Below is a listing with pictures. Repeat exactly the lines starting at the one holding "窗外又是高度对称的长廊水院。" and going on through the one holding "V Kanadi pa", and leave every picture out.

___ SOURCE MATERIAL

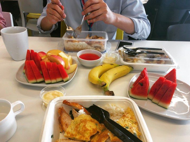 เมื่อถึงเวลาพักเที่ยง ทุกคนก็ทยอยลุกออกจากโต๊ะทำงานตรงดิ่งไปยังห้องอาหาร ฉันก็เป็นหนึ่งในนั้น ยิ่งคิดถึงรสชาติไก่กรอบซอสมะนาวที่กำลังจะได้ลิ้มรสก็ยิ่งตื่นเต้น ฉันหยิบกล่องข้าวที่เขียนชื่อตัวเองไว้ก่อนจะไปนั่งที่โต๊ะประจำติดกับกระจกบานโปร่ง มองออกไปข้างนอกก็เห็นวิวตึกสูงหลายตึกของมหานครลดหลั่นกันไปราวกับกำลังนั่งดินเนอร์หรูอยู่บนตึกระฟ้า
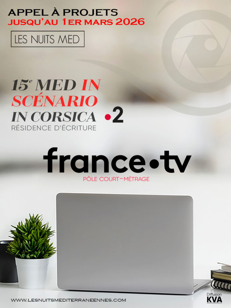 La diffusion KVA (en partenariat avec la Collectivité de Corse et le Centre National du Cinéma et de l’Image animée) a pour objectif principal de soutenir et promouvoir la création dans les territoires de la Corse et de la Méditerranée. Elle est également responsable du dispositif « Talents en Court in Corsica é Méditerraniu », qui vise à soutenir les jeunes auteurs-réalisateurs dans l’écriture de leur film. Dans le cadre du festival itinérant Les Nuits MED di U Filmu Cortu, la résidence d’écriture scénaristique Med In Scenario accompagne un second projet de court-métrage depuis l’écriture du scénario jusqu’à sa diffusion en collaboration avec France Télévisions, partenaire exclusif.
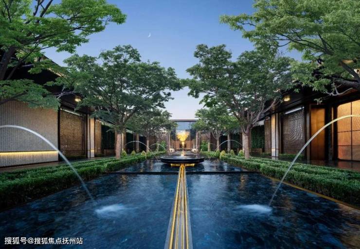 窗外又是高度对称的长廊水院。喷泉与长廊,给你对称仪式感;水光树影,给你静谧;玉石柱式与金属格栅,给你典雅。他们把准宝石级别的「蓝翡翠」奢石,铺装在水底,它有一个很美的名字,叫做「银河的眼泪」;阳光会把池底的那抹蓝色,反射到你的眼底。
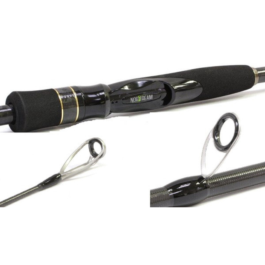 Строй спиннингов – быстрый (fast) с достаточно живой вершинкой, жесткой средней частью и мощным комлем, отвечающим за сдерживающий ресурс. Тест указан максимально точно, при этом, как и у остальных джиговых моделей Norstream, здесь указан тест по весу рекомендуемых грузов без учёта массы самой приманки среднего размера, например, твистера длиной 7-8 см.
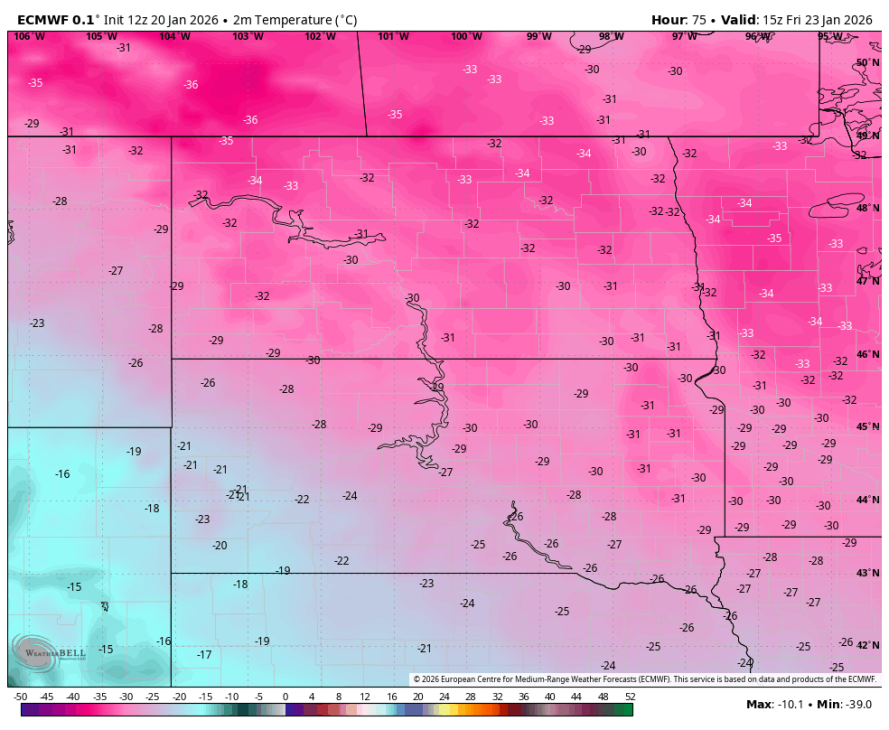 V Kanadi pa marsikje še precej nižje. Zaradi premika curka proti jugu se nad osrednjimi in vzhodnimi deli države krepi kontrast med hladnim in vlažnim zrakom, kar prinaša obilno sneženje, leden dež in zmrzal od Teksasa in Oklahome vse do Velikih jezer in severovzhoda. V začetku prihodnjega tedna bodo na Velikih jezerih možne še dodatne snežne pošiljke.
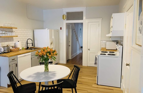 Charming turn of the century multi family apartment building. Newly renovated one bedroom ground floor apartment with bunk room. The apartment can comfortably sleep 5. Including fully equipped eat in kitchen with washer and dryer and spacious living room. Beautifully furnished with modern day decor and fine art. All the comforts of home. Conveniently located within 15 minute walking distance to Great Barrington center and 5 minute walk to Guidos Market and Big Y plaza. A quick drive to many of the Berkshires finest attractions. Come enjoy the Berkshires!
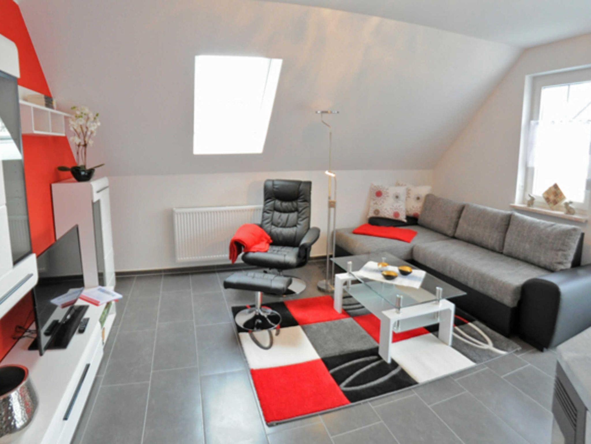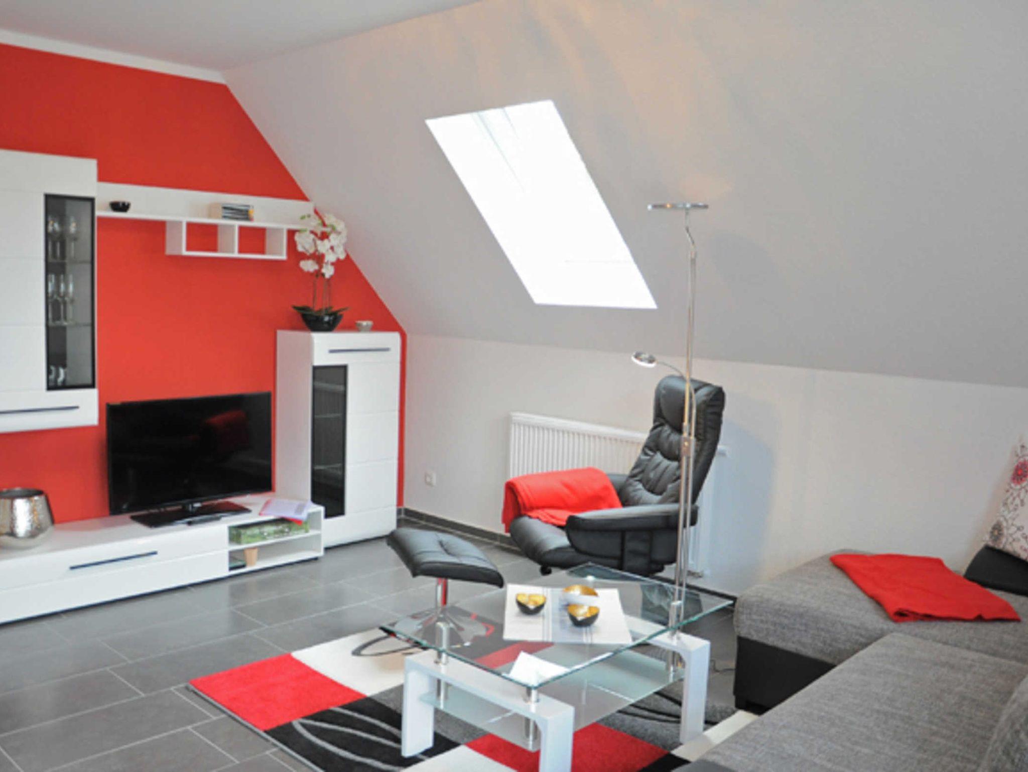 Eine Aufbettungsmöglichkeit besteht im Wohnzimmer. Die Couch verfügt über eine Schlaffunktion. Darüber hinaus verfügt das EG-Appartement über 1 Bad mit Dusche sowie Kamin, kostenfreien WLAN, Wohn- /Essbereich mit vollwertiger Einbauküche mit Spülmaschine, Kühl-/Gefrierfunktion, Ceranherd und Mikrowelle steht ebenfalls zur Verfügung.
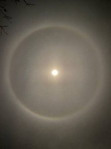 月の光が氷の粒を通り抜ける際に屈折して、月の周りに円として見えるそうです。

______

### YOUR RESPONSE
 窗外又是高度对称的长廊水院。喷泉与长廊,给你对称仪式感;水光树影,给你静谧;玉石柱式与金属格栅,给你典雅。他们把准宝石级别的「蓝翡翠」奢石,铺装在水底,它有一个很美的名字,叫做「银河的眼泪」;阳光会把池底的那抹蓝色,反射到你的眼底。
 Строй спиннингов – быстрый (fast) с достаточно живой вершинкой, жесткой средней частью и мощным комлем, отвечающим за сдерживающий ресурс. Тест указан максимально точно, при этом, как и у остальных джиговых моделей Norstream, здесь указан тест по весу рекомендуемых грузов без учёта массы самой приманки среднего размера, например, твистера длиной 7-8 см.
 V Kanadi pa marsikje še precej nižje. Zaradi premika curka proti jugu se nad osrednjimi in vzhodnimi deli države krepi kontrast med hladnim in vlažnim zrakom, kar prinaša obilno sneženje, leden dež in zmrzal od Teksasa in Oklahome vse do Velikih jezer in severovzhoda. V začetku prihodnjega tedna bodo na Velikih jezerih možne še dodatne snežne pošiljke.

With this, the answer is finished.